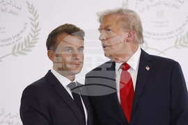 President Donald Trump talks to French President Emmanuel Macron during the greetings ceremony before the family picture at the Gaza International Peace Summit, in Sharm el-Sheikh, Egypt, Monday, Oct.13 2025. (Yoan Valat, Pool photo via AP)
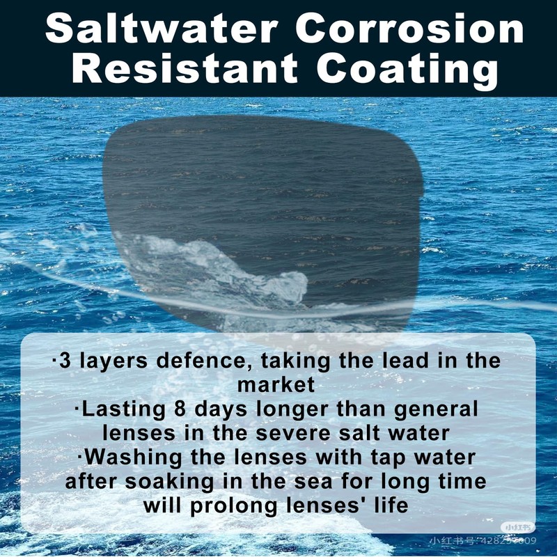 - Anti4s Lenses: The outer layers of lens are specially coated, perfectly preventing from sea corrosion, oil stains, adhesive dust and slightly scratches, which extends the lenses' life-span and makes them easy to clean. Anti4s: anti-saltwater, anti-oil, anti-dust and anti-scratch.
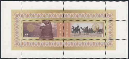 Identical pair of se-tenant stamps. A, Dove and map; B, Caravan
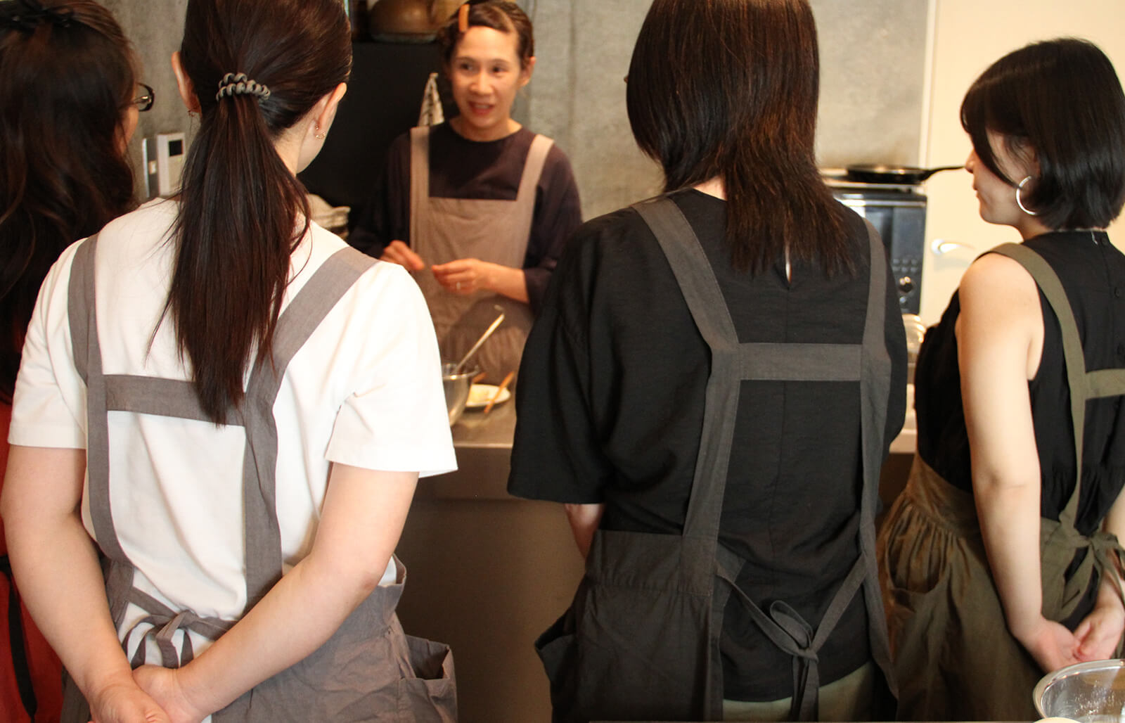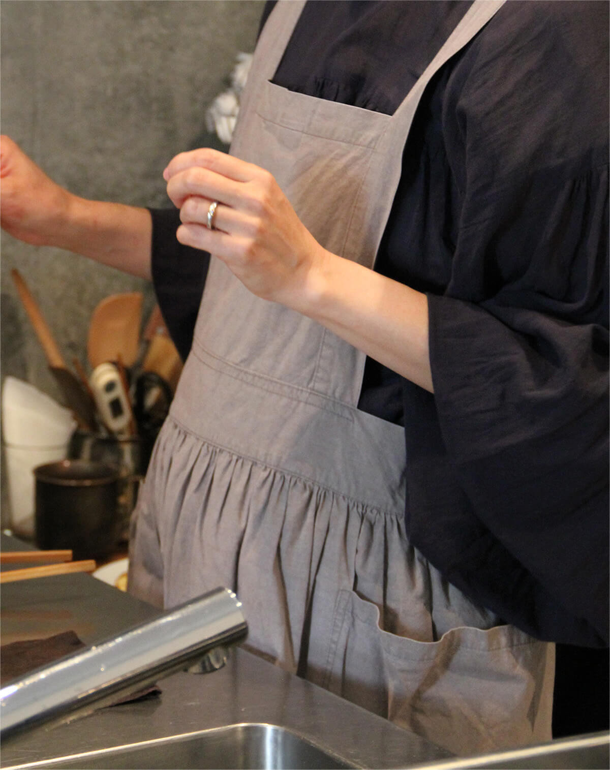 教室で愛用しているのは、SUNNY LOCATION のピナフォアエプロン。女性らしいシルエットでありながら甘さを抑え、素材の風合いをいかした佇まいが空間に自然に溶け込みます。佐藤さんだけでなく生徒の皆さんにも好評で、心地よさと動きやすさの両方を叶えてくれるエプロンです。

*-*-*

### TASK STATEMENT:
Would you return the data exactly as written, without the pictures?

### RESULT OF THIS TASK:
 President Donald Trump talks to French President Emmanuel Macron during the greetings ceremony before the family picture at the Gaza International Peace Summit, in Sharm el-Sheikh, Egypt, Monday, Oct.13 2025. (Yoan Valat, Pool photo via AP)
 - Anti4s Lenses: The outer layers of lens are specially coated, perfectly preventing from sea corrosion, oil stains, adhesive dust and slightly scratches, which extends the lenses' life-span and makes them easy to clean. Anti4s: anti-saltwater, anti-oil, anti-dust and anti-scratch.
 Identical pair of se-tenant stamps. A, Dove and map; B, Caravan
 教室で愛用しているのは、SUNNY LOCATION のピナフォアエプロン。女性らしいシルエットでありながら甘さを抑え、素材の風合いをいかした佇まいが空間に自然に溶け込みます。佐藤さんだけでなく生徒の皆さんにも好評で、心地よさと動きやすさの両方を叶えてくれるエプロンです。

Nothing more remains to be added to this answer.